We will cover genetic algorithm basics, repairing mechanisms, how to encode a MILP objective function as a fitness function and much more! Furthermore you will learn how to code up your own genetic algorithms for combinatorial problems in python.

Genetic Algorithms Basics

To start, it’s essential to understand the core concepts of genetic algorithms. I will only provide you with the basics, if you are interested in learning more you can read about it in depth here.

At their core, genetic algorithms mimic the process of evolution in nature. They operate with a population of potential solutions, represented as chromosomes. These chromosomes contain genes, which encode information about a candidate solution.

While genetic algorithms are often individual to a given problem tehy often follow the same building blocks. These are:

Selection: Genetic algorithms favor individuals (solutions) with higher fitness. This is similar to the survival of the fittest in nature.
Crossover: This operation combines genetic material from two parent solutions to create one or more offspring solutions.
Mutation: Random changes are introduced in an attempt to explore new areas of the solution space and maintain diversity.

Adapting the Problem to Genetic Algorithms

For the Storage Location Assignment Problem, we need to adapt the problem to fit the genetic algorithm framework. First, we must define a representation for potential solutions (chromosomes) and a way to evaluate their quality (fitness function).

Representation: For genetic algorithms often a binary representation of the solution is choosen. For this problem we want to encode the solution a little bit different. A chromosome can represent a set of storage locations for products. Each gene corresponds to a product and encodes its assigned storage location.
Fitness Function: The fitness function should evaluate how well a solution assigns storage locations while considering factors like distance, capacity, and cost. The good news is we already formulated a fitness function in our last part on MILP! We’ll simply use the objective function of the SLAP-MILP as the fitness function.

Genetic Algorithm Implementation

Now we have all building blocks to actually code our GA. Implementing a genetic algorithm involves several steps:

Lets implement this loop step by step.

Initialization:

First we need to create an initial population of potential solutions. This can be random or based on heuristics. We have to choose the number of individuals in the population. We will assign the products to random storage locations. To that we simply shuffle the list with the storage locations and draw a random location for each product. Then we append the location to the chromosome. Now each index of the chromosome represents one product with a storage location as the value.

import random
import numpy as np

products = []
locations_list = []
def generate_genome(products, locations_list):
    chromosome = []
    random.shuffle(locations_list)
    for i in range(len(products)):
        storage_loc = locations_list[i]
        chromosome.append(storage_loc)
    return chromosome

initial_population = [generate_genome(products, storage_locs, warehouse) for i in range(200)]

2. Selection:

Now we have 200 individuals with randomly assigned storage locations. How do we know which individual has the best assignment and should be used for reproduction? Easy — we use our fitness function!

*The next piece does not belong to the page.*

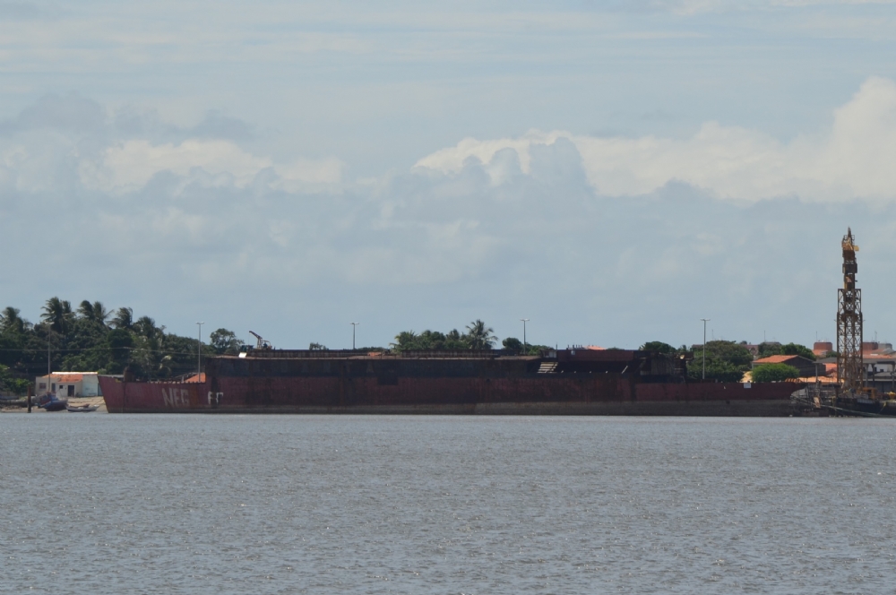 Da vista da avenida Ivo do Prado, já dá para notar o avanço do desmonte do inoperante navio H. Dantas, ancorado há mais de uma década no estaleiro Santa Cruz, na Barra dos Coqueiros, às margens do Rio Sergipe. A sucata foi vendida a um empresário do setor siderúrgico em novembro de 2015 que, desde então, começou a planejar os cortes de todas as estruturas para retirá-lo daquele local. Segundo o proprietário do navio, Sebastião Garcez, até 30 de julho o trabalho deve ser concluído.

First we need to code our fitness function to score a given individual. Recall the mathematical description from the last part:

For our fitness function we need all the sets and parameters. In the first part I showed you how to generate the distance between storage locations, order frequencies and how to calculate the product affinity. Please have a look at part one if you are interested in how to do it. For now we will simply assume to have this data available.

With the data available we can formulate the fitness function as follows:

def fitness(individual, dist_mat, product_affinity):
    score = 0
    for p in range(len(individual)):
        for p2 in range(len(individual)):
            if p == p2 or product_affinity[p][p2] == 0:
                continue
            else:
                score += product_affinity[p][p2] * dist_mat[individual[p]][individual[p2]]
    return score

Just like in the MIL formulation we loop twice over the individual. That means we iterate over every product combination (recall that each index of a individual represents a product and the value at this index is the location). To make the code more efficient we skip products that do not have an affinity, meaning they were never ordered together. For non zero product pairs we can calculate their score by multiplying the product affinity with the distance of the product pair to each other. By doing this for every product and summing it up we get an indication of fitness for an individual.

Now remember that we need to score our total population — that means we need to call fitness_function() for every individual in our starting population. We can do this with a simple list comprehension:

fitness_result = [fitness(individual, dist_mat, product_affinity) for individual in initial_population]

Now we have the fitness values for all individuals in the initial population. As we formulated the SLAP as a minimization problem we now need to select the individuals with the lowest fitness value. Let us formulate a function to that for us:

def selection(population, scores, n=2):
    best_score = np.inf
    scores_np = np.array(scores)
    index_min = np.argpartition(scores_np, n)[:n]
    selected = [] 
    for i in range(n):
        if scores[index_min[i]] < best_score:
            selected.append(population[index_min[i]])
    return selected

parents = selection(initial_population, fitness_result)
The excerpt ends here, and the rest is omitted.